The typical premise is that tags make taxonomy obsolete. This is hooey. Sure, tags are really useful. Their particular power is that they are easy for an end-user to apply: just tag your resource with a few tags that make sense to you, and you’re done. This makes them a very cheap way to apply some loose structure to huge data sets. And they support browsing in interesting and really effective ways. Search for “street light” on Flickr, and you get a great collection of photos. It doesn’t really matter than some of them are of lamp posts and some of traffic lights. Or that some of the pictures tagged as “lamp post” may work equally well for your needs. Wanting to see all the lamp post pictures in one place and under one name feels kind of old fashioned and silly. It takes the fun out of it.
But if you’re looking for, say, all children’s services organizations in New York, it’s no longer cute and fun to have a third of these organization categorized as “children’s services”, a third as “child services” and a third as god knows what. Not to mention all those organizations tagged with more detailed children’s services - “children’s legal advocacy” or “foster care” – which can’t be identified or rolled up into children’s services. This is the power of taxonomy (or more technically, a “controlled vocabulary”) – it functions to map similar terms – synonyms, misspellings, etc – together and to allow people to roll terms up to more general ones when needed. Want to actually understand what a controlled vocabulary is? Check out Amy Warner’s great primer
Somehow “taxonomy” has recently become synonymous with “rigid” and “controlling”. But in fact when a taxonomy (or let’s just call it a “controlled vocabulary” to escape the pejoratives) is used well, it supports a tremendously flexible and user friendly environment. Check out www.gettyimages.com
. Try searching on “mom, happy, without dad.” If you’re really serious about finding the best picture for something, Getty supports your search in a way that a tagging system never can.
To get more geeky about it, in information science, the accuracy of a set of results is composed of two pieces: recall and precision. Recall means finding everything that applies to your search term. For instance, if you’re looking for legal precedents, recall is critical – you need to find everything that applies. Tags are by definition bad at recall, as different users will use different terms to describe the same thing. Precision is the flip side of the equation: finding only the most relevant stuff without a bunch of extraneous crap. Tags, well, they’re not great at this either. Likely other users have applied tags in a way that you wouldn’t use them, and you’ll need to look through a lot of irrelevant stuff to find the gold. A controlled vocabulary allows you to weigh precision vs. recall (generally accepted as opposite ends of a spectrum) and tailor the results to meet your users needs.

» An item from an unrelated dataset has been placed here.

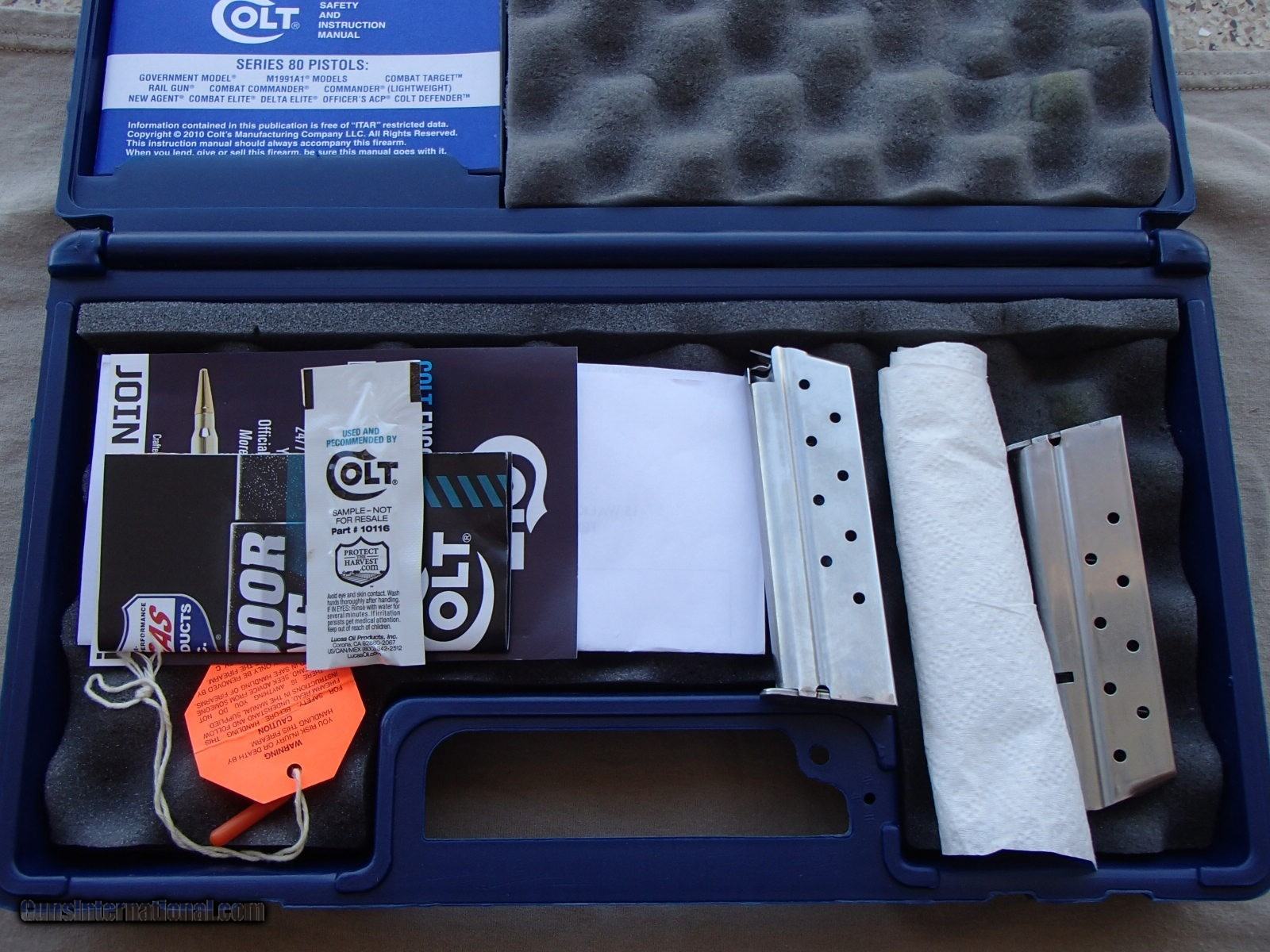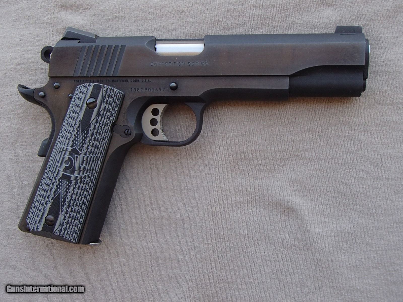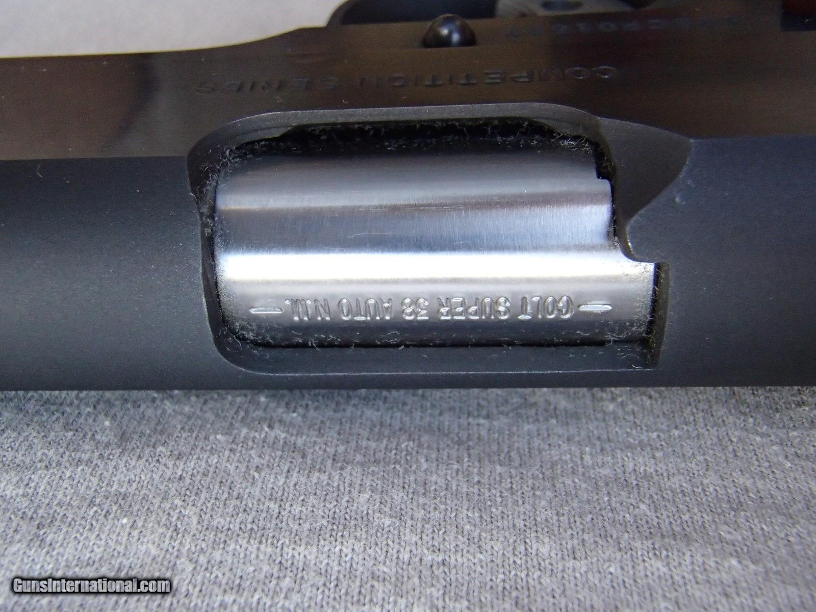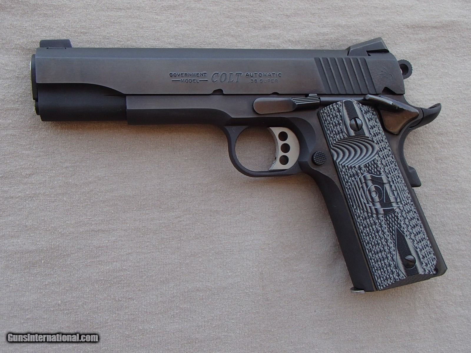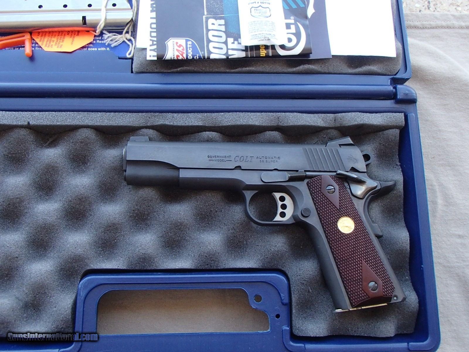 Description: New in Case, unfired Colt Government .38 super. National Match, high end competiton pistol, full featured, Lew Horton special order with Letter. Two stainless magazines, two sets of Grips, all paperwork and case, as shipped from the factory. Top quality, modern Colt 1911 that rivals much more expensive 1911's. Collector potential limited run for Lew Horton. Any perceived surface anomolies in the pictures are due to residual preservation oil. The gun's finish is flawless. This is a beautiful 1911 in a great caliber. $35 to ship to your FFL west of the Mississippi; $40 to the east. T H A N K S SOLD Manufacturer: Colt Model: 1911 Goverment Caliber Info: .38 super Finish: blue |

If you want to allow users to find both all organizations that offer any services for children and all children’s legal advocacy organizations, a well-constructed controlled vocabulary will support this in a way that user defined tags never can. Is a controlled vocabulary more complicated to create? Sure. Does solid categorization through taxonomy likely involve a human administrator and an update process over time? Yes. But greater cost and effort don’t invalidate the concept. While tags support interesting opportunistic browsing, taxonomies allow serious searchers to know they’ve found what they need.
And tags and taxonomies aren’t at each other’s throats, fighting to the death. They’re not conflicting opposites- there’s in fact huge power in using them together. What if end-users tag things, and the tags are mapped into a controlled vocabulary which is used to facilitate search and/or browse for people who want completeness in their searches? In most domains, I would expect that 80- 90% of tags could be predicted in advance, and could be designed into the taxonomy. A human could then map the orphan tags into the vocabulary scheme in an ongoing process, or update the vocabulary to accommodate it. In addition to making the tags much more useful to serious searchers, this would be a great way to test and refine the vocabulary over time.
Of course, a model like this doesn’t make any sense for sites like Flickr or Del.ci.ous, which are intended to support exploration rather than serious searching, and at a scale that makes human intervention infeasible. As Clay Shirkey points out in his article Ontology is Overrated
(excellent, but can we make a law that you can’t cite it unless you’ve read it through?), a controlled vocabulary scales poorly to a collection of resources as big and unstructured as, say, the internet.
Sometimes budget or resource limitations will mean that a controlled vocabulary isn’t feasible. But there are a whole lot of collections of resources that are way, way, way smaller than the entire internet or Flickr. For most of these sites, often filled with important and complex resources, a controlled vocabulary model would support users’ needs far better than a Flickr model.
As with most things, there are valid reasons to use either a tagging scheme or a controlled vocabulary. But jumping on the tag bandwagon for your site without carefully thinking about how a controlled vocabulary could help your users is either ignorant or lazy. It’s irresponsible design.